Nodding his head, Bano caught my hand and held it between his. “Listen to me” he said, his voice full of sorrow. “Listen to me closely, my young friend. I am an old man and have seen and learned very much in life. In Brazil, everywhere I walked, looked or listened for human signs, signs of life and happiness, I bore witness to sorrow, grief and desolation. From every street, from every house or apartment echoed a history of human pain; a pain so unfathomable that you feel like escaping from it. Only you can not escape. You can not hide. The city is saturated with pain and anguish! I saw people from all assortments of races, ages and genders, all disillusioned and living in their own worlds of past memories, some happy, but most sad. They had all lost something in their life, be it a family member, a job, or more dangerously faith. I was fortunate, one of many that did not fall victim to the plague of anguish hovering and lingering all over the country. That was why I could never understand why these people, hurting from deep wounds that no one but they could see and feel, release their stress, for it was a very stressful situation they were coping with, by turning on others, trying to inflict an even greater pain than the one they were feeling. These people, some of whom I knew very well, desperately needed someone who would share their pain. They wanted other people to feel like they felt, depressed and aching from numerous internal and external wounds of both body and soul.

I can not claim to understand what profound inner turmoil  truly drove them mad, drove them to harm others, but I do know, that in every one of them, there was goodness inside.  I also know, that amongst all this sadness and melancholy, you have to learn to forgive.
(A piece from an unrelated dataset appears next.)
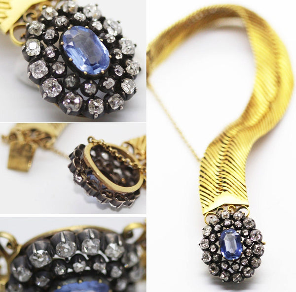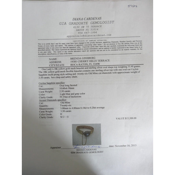 Measurements: Gold band is 1/2 inch (13.5mm) wide. Length is 7 3/4 inches (20cm). Weighs 35.3grams. Ceylon Sapphire approximately 2.50ct. Sapphire appraised as free of inclusions. Old mine cut diamonds approximately 3.50ct.
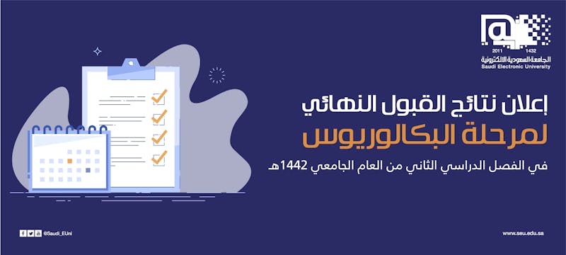 تهنئ الجامعة السعودية الإلكترونية الطلبة الحاصلين على القبول النهائي لمرحلة البكالوريوس للفصل الدراسي الثاني من العام الجامعي 1442هـ

You have to forgive, forgive but never forget.  That was one lesson I learned, one that brought me very far in life. Only by forgiving others can you learn to forgive yourself and believe me, in everyone’s life there will come a time when you desperately need your own forgiveness“.
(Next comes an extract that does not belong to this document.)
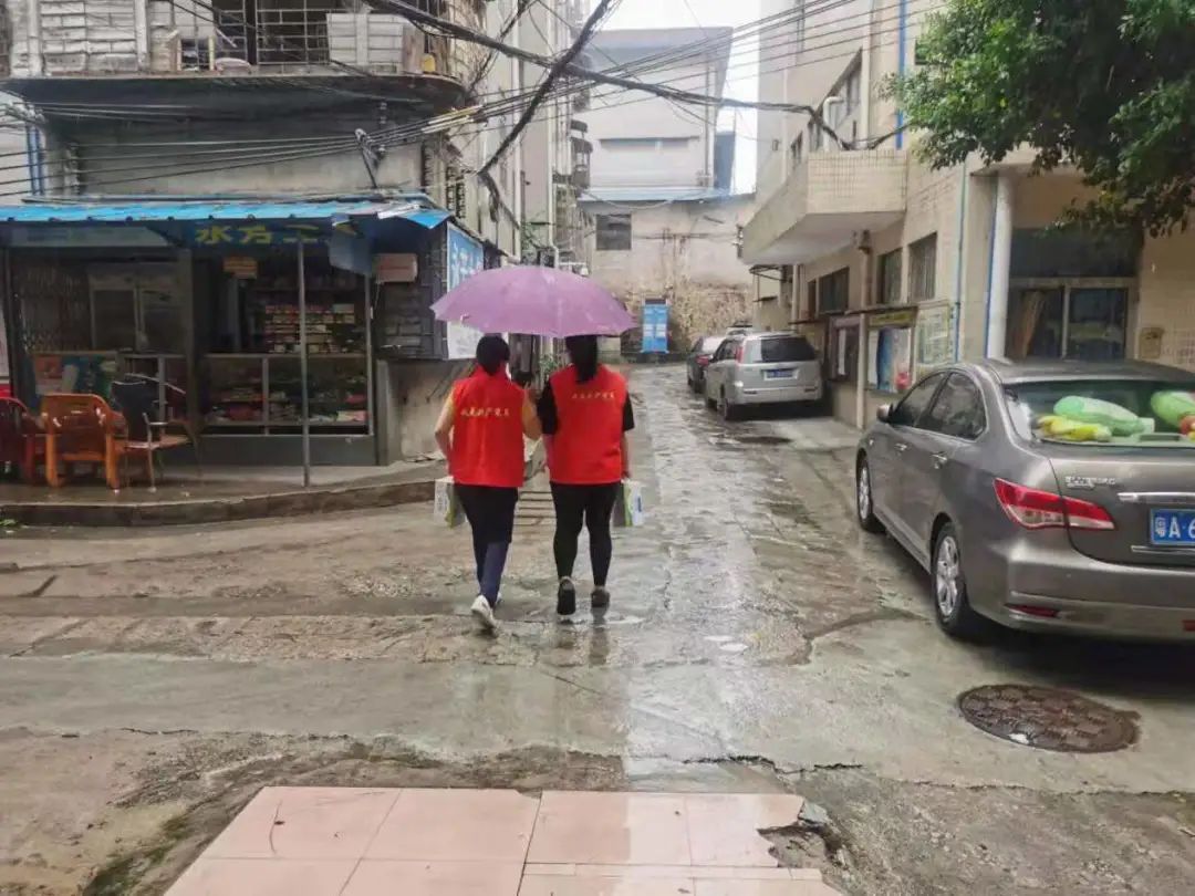 由于天气原因,慰问活动采取“逐户上门”方式开展,到场党员分为了3个慰问小队,由社区网格支部书记带队,大家一手打伞一手拿着慰问物资,把节日的关怀和祝福送到长者家里、送进长者心中。“谢谢你们啊,下着雨还过来。”看到慰问小队,长者们都开心不已。

Today, twenty years later, I look back upon those moments of my youth, and wonder. I wonder about innumerable ‘what ifs’ that could have lead my down different paths.

Yet, I am content with the path I chose after the long and eye-opening speech Bano had given me so long ago, during the climax of my weakness.

I neither forgave nor forgot what my father had done to me. I could not find that strength or that goodness inside my heart. Maybe he had destroyed that aspect of my personality. I don’t know? I don’t know what would have happened, and still wonder sometimes, what the result of my forgiveness would have been.

Speculating about it now, is senseless, I know. The past is, after all, the past. It can not be changed or relived. There is no second chance! For no one.

A long time ago,  I ultimately decided, after many sleepless nights, to burn what remained of the letter, to sever the only link I had to my father. It was, in a sense, a very gratifying experience. I can still remember that I stood for hours, gazing into the flames, thinking and truly believing that I was setting myself free.

Today, I can finally find it in myself to forgive my father. After the long times of wandering aimlessly within this world, I found myself at long last. I am a doctor now and  run a small clinic, which located amongst the towering tree giants of the Amazon Rainforest, is currently home to more than a hundred native tribesmen. It is here, that I fight against some of the miseries in life. In this niche of mine, I am doing my best to, every single day of my remaining life, change and enhance my and everybody else’s world to the best of my abilities. And I am doing it in memory of Bano, the only true father I ever had.